I don't know whether the following would help you as well:        


*

*I've once considered a type of home-brewn matrix-summation-method using the matrix of Eulerian numbers. In the second part of my explorations I look at the cases, where my method cannot assign a finite value, but at most infinity and somehow a "finite residue" (or so).
Anyway, instead of getting the Euler-constant $\gamma_0$ for a regularization of the harmonic series as suggested by the Ramanujan-summation-method (or by computation for the second coefficient of the Laurent-series for $\zeta(1+x)$) the value $\log(2)$ pops up - and for the regularization of your series the "residual" value $2/27$ pops up - but I'm not qualified to put this in a reliable and correct context yet.  If you like to read then look at my homepage par. 3.3 and 3.4 Perhaps this gives a suggestion and hopefully you can help me to find the correct context.... . *(Surely I'll have to rewrite this, to clear up many messy statements and/or formulations - for instance instead of talking of zeta-series I should talk of polylog-series given my specific framework of matrix-summation - , but perhaps there is still something readable and/or worth for you.)* 

A: Analytic continuation is a very fragile method of summation that often produces inconsistent results depending on what function we choose to continue.
But for this series all the mutually compatible summation methods give the same result.
Moreover, the number $-\frac1{12}$ is just the finite part of the full number.
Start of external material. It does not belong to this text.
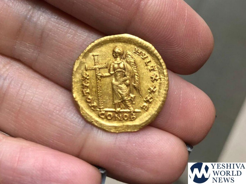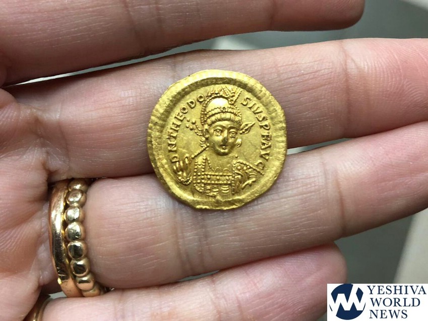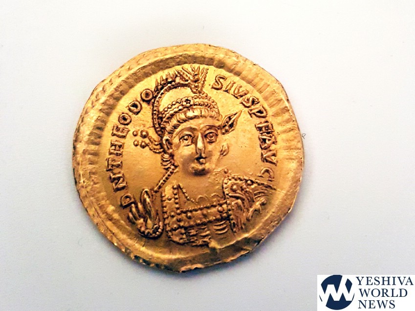 The coin, the first of its type discovered in Israel, was minted by the Byzantine Emperor Theodosius II, whose edicts led to the abolishment of the Sanhedrin Council and to the large-scale emigration of Jews to the Diaspora.

Using approach described here one can obtain the full form of the sum in terms of divergent sums/integrals:
$$\sum_{k=0}^\infty k = \frac{\tau^2}2-\frac1{24}$$
where $\tau=\int_0^\infty dx=\pi\delta(0)$.
Here you can see the full values of the sums of other divergent series (you would need a MathML-capable browser, such as Firefox, not Chrome or Edge): https://exnumbers.miraheze.org/wiki/Main_Page
UPDATE NOTE The approach mentioned in this article introduces umbral-type multiplication of divergent integrals and series. There are other possible definitions, that maybe simplier in certain respects.
A: The claim $\sum_{n=1}^{\infty} n = - \frac{1}{12}$ depends directly on the Riemann $\zeta$-function. In fact for any constant $c$ one can find a series $\sum a_n(s)$ of functions such that 


*

*on some subset of the complex plane the series converges and defines a function $f$ that is holomorphic on that subset

*this function $f$ can be extended meromorphically to the entire complex plane

*$a_n(-1)=n$

*the meromorphic continuation of $f$ evaluated at $-1$ is exactly $c$.


If you use $a_n(s)=\frac{1}{n^{s}}$ you get the Riemann $\zeta$-function but that doesn't make $\sum_{n=1}^{\infty} n = - \frac{1}{12}$ any more correct than assigning any other value to this divergent sum.